ASU 2016-10, Identifying Performance Obligations and Licensing, which provides clarification for two aspects of Topic 606: identifying performance obligations and the licensing implementation guidance.
ASU 2016-12, Revenue from Contracts with Customers, which further amends Topic 606.
ASU 2016-20, Technical Corrections and Improvements to Topic 606, Revenue from Contracts with Customers, which further amends Topic 606.

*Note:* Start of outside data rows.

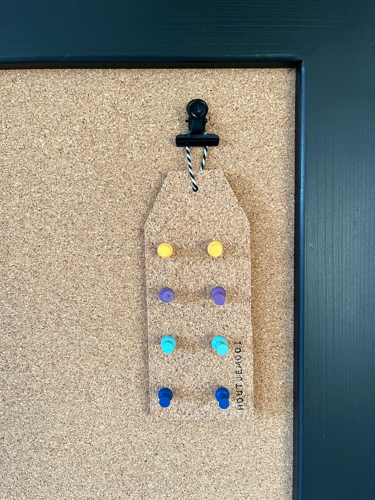 Hele orginele pins voor op een prikbord.
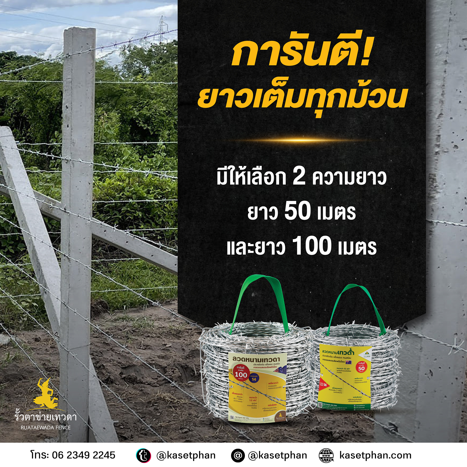 ลวดเบอร์ 14 การันตีด้วยความยาว 100 เมตร/ม้วน ทุกม้วน ดีกว่า ทนกว่า ประหยัดเสากว่า ลวดหนามธรรมทั่วไปในท้องตลาด
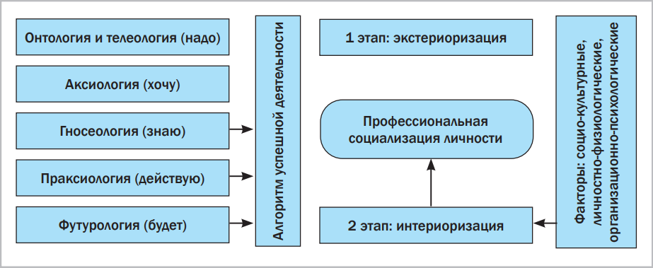 Этому должна способствовать трансформация системы классического профессионального образования в алгоритмизированное вариативно-дифференцированное образование, способствующее мотивированности личности к профессиональной самореализации и самовыражению в профессиональной среде на основе индивидуальной карьерограммы, разработанной в период профессионального самоопределения личности. В этом проявляется гносеологический аспект профессиональной социализации, состоящий из познавательных установок и способов получения профессиональных знаний.
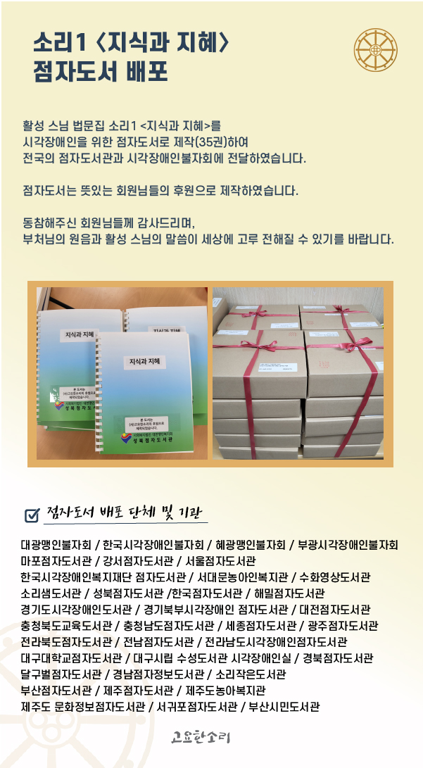 소리1 <지식과 지혜> 점자도서 제작 및 배포
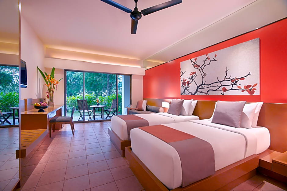 Features 2 single beds and a balcony overlooking South China Sea or the garden.
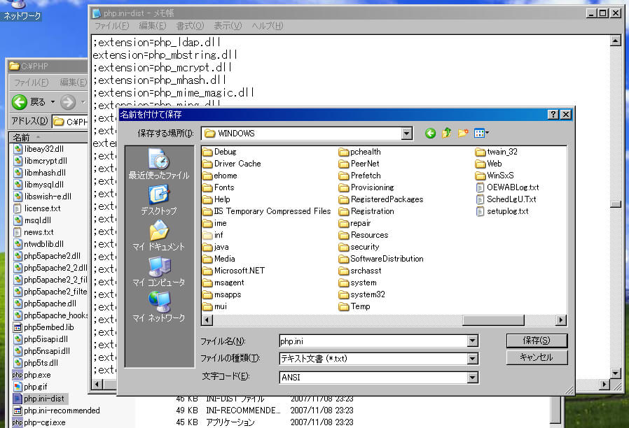 [名前をつけて保存]ダイアログボックスが開くので保存先に"C:\Windows"を指定し、ファイル名を"php.ini"に変更して[保存]をクリックしてメモ帳を閉じる。

The Company plans to adopt using the retrospective transition method. The Company believes the impact will not be material to the consolidated financial statements. The Company has reviewed all types of customer contracts and gone through the five step process outlined in ASU 2014-09 for all contracts. The new five step process required by ASU 2014-09 provides results substantially consistent with our current revenue recognition policies. The Company is still in the process of determining categories to use to disaggregate revenue. The primary change upon adoption will be additional disclosures to show disaggregated revenue and further details around our revenue recognition process. Once we adopt ASU 2014-09, we do not anticipate that our internal control framework will materially change, but rather that existing internal controls will be modified and augmented, as necessary, to consider our new revenue recognition policy effective January 1, 2018.

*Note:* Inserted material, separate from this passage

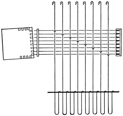 In most of the jacquard machines used at the present time, the griffe has been lowered to within approximately one inch of the top of the needles and the hooks have been made of stronger [Pg 7] material (shown in Fig. 8), enabling a more compact machine to be made.
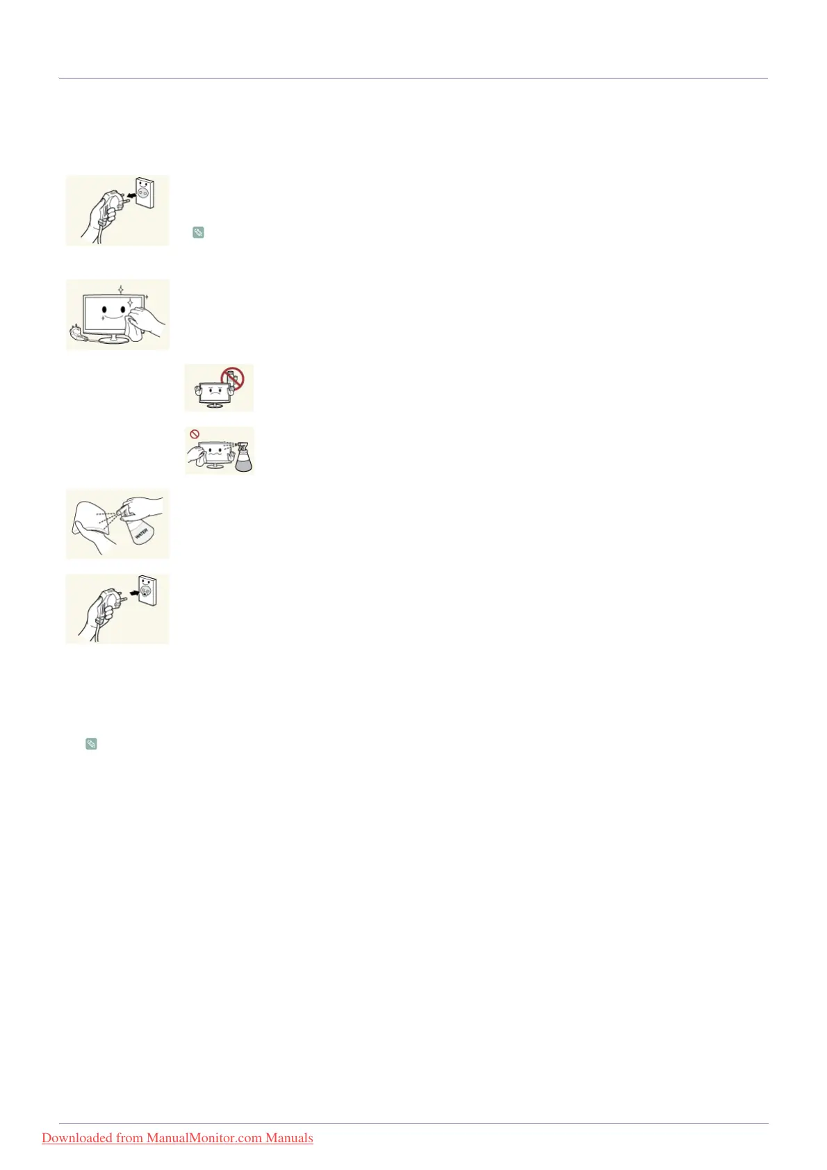 • Do not spray water or cleaning agent directly onto the monitor.

In January 2016, the FASB issued ASU 2016-01, Recognition and Measurement of Financial Assets and Financial Liabilities, which will address certain aspects of recognition, measurement, presentation and disclosure of financial instruments. The ASU becomes effective in the annual reporting period beginning after December 31, 2017, including interim reporting periods. We do not expect ASU 2016-01 will have a material effect on our consolidated financial statements and notes thereto.

In May 2017, the FASB issued ASU 2017-09, Scope of Modification Accounting, which addresses changes to the terms or conditions of a share-based payment award. The ASU becomes effective in the annual reporting period beginning after December 15, 2017, including interim reporting periods. We do not expect ASU 2017-09 will have a material effect on our consolidated financial statements and notes thereto.